Y’know when someone orders pizza for your group and you don’t like any of the toppings they picked? Well, the Czech Republic now finds itself in a similar pickle. See, it’s not quite on board with the European Union’s pledge to ban the sale of gas- and diesel-powered internal combustion cars by 2035. Czech prime minister Andrej Babis even told iDnes, “We will not agree with the ban on selling fossil fuel-powered cars. It’s not possible. We can’t dictate here what green fanatics devised in the European Parliament.”
Babis reportedly goes on to say that the Czech Republic will support an EV infrastructure but refuses to subsidize actual EV production.
According to Bloomberg, one-third of the country’s economy is tied to the automotive industry, with the Volkswagen Group-owned, homegrown Škoda brand operating two domestic factories in addition to other plants churning out Toyota and Hyundai products. So, any radical change in the European automotive landscape would likely also mean major disruption for the livelihoods of the Czech people. The report also points out that Babis is up for re-election next month. Are the Czech prime minister’s words simply pandering to a population that he hopes will let him keep his job?
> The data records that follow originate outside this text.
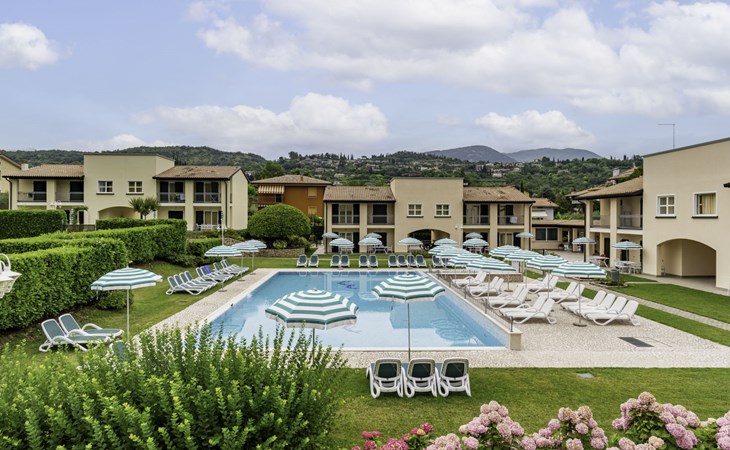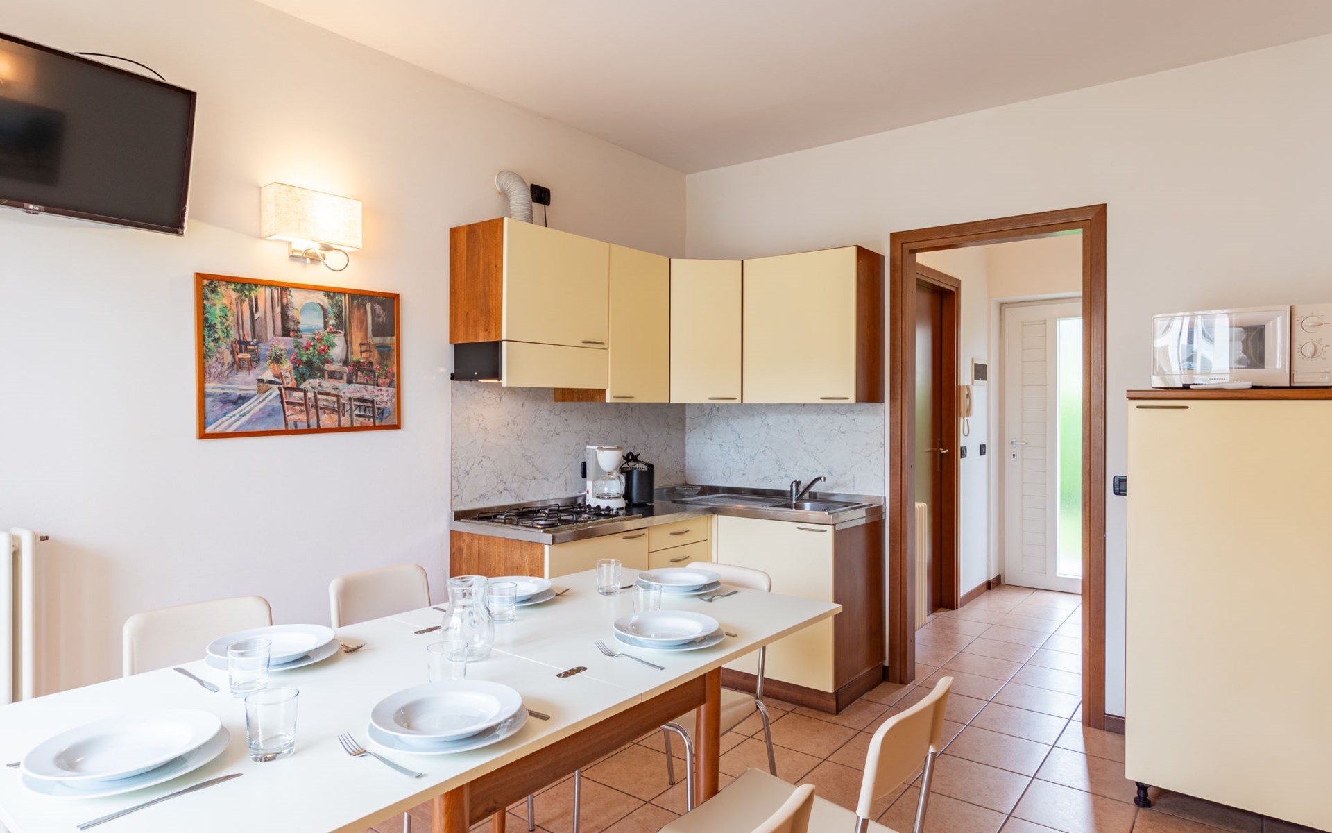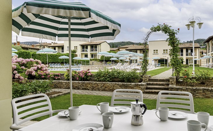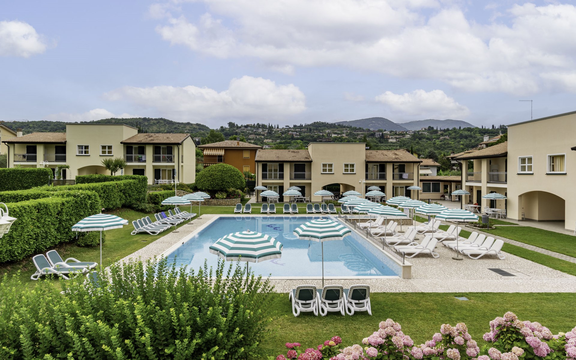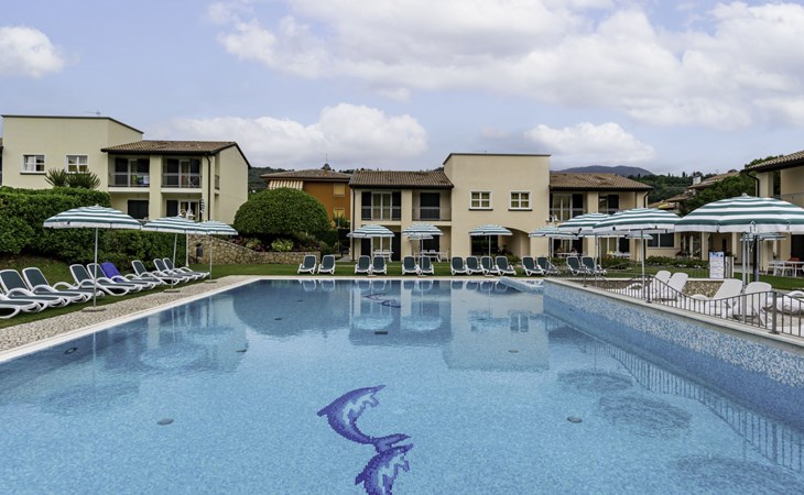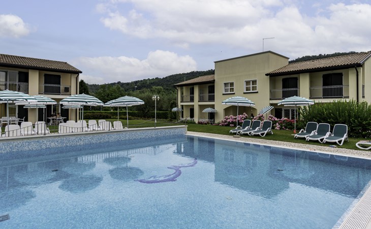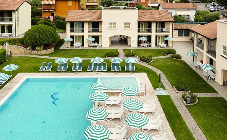 Resort "Corte delle Rose", 2 storeys. 16 apartments in the residence. In the district of Giare 2 km from the centre of Garda, 2 km from the lake. For shared use: beautiful, well-kept garden (fenced) with lawn and flowers, swimming pool (20 x 10 m, seasonal availability: 01.Mar. - 31.Oct.). Children's pool, outdoor shower, arbour, barbecue, children's playground. In the complex: table tennis, table football, washing machine (for shared use, extra), heating to be paid on the spot. Parking on the premises. Restaurant 50 m, bus stop 10 m. Golf course (18 hole) 5 km. Nearby attractions: Peschiera del Garda 19 km, Verona 38 km.
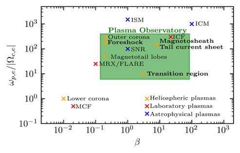 Despite important differences, these environments show similarities, in particular highlighted by adopting adimensional parameters. In this perspective, the below figure categorizes some of these environments in the β – ωp,e/Ωc,e parameter space, where β is the kinetic-to-magnetic pressure ratio, ωp,e is the electron plasma frequency, and Ωc,e is the electron cyclotron frequency. The green box highlights the region where Plasma Observatory aims at providing unprecedented multi-scale multi-point measurements.
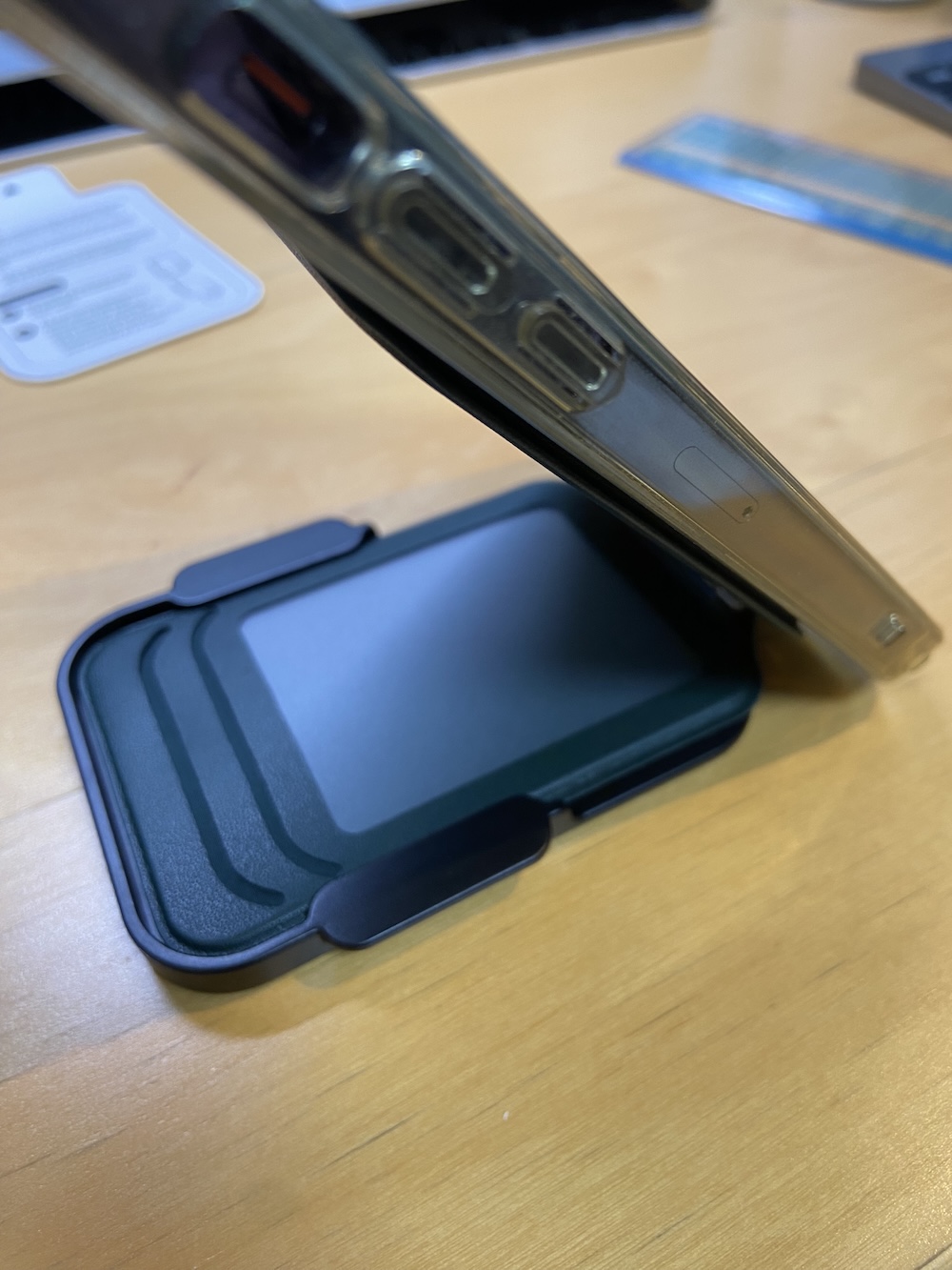 ほとんどのMagSafeウォレットは折りたたむヒンジ部分はiPhoneのカメラ側、つまり上部になりますが、この「Phone Stand Wallet」は下側になります。

Maybe, maybe not.
Either way, similar drama recently broke out when we all learned that Italy was in talks to exempt its exotic marques like Ferrari and Lamborghini from the same ICE ban. It didn’t take long for Porsche, which already has a high-performance EV on the market in the form of the Taycan, to then call foul.
Over the past few years, jurisdiction after jurisdiction has laid out intentions to stop the sale of fossil fuel-burning automobiles by the middle of the next decade. These include but aren’t limited to California, Canada, and the United Kingdom which, in case you forgot, is no longer part of the E.U.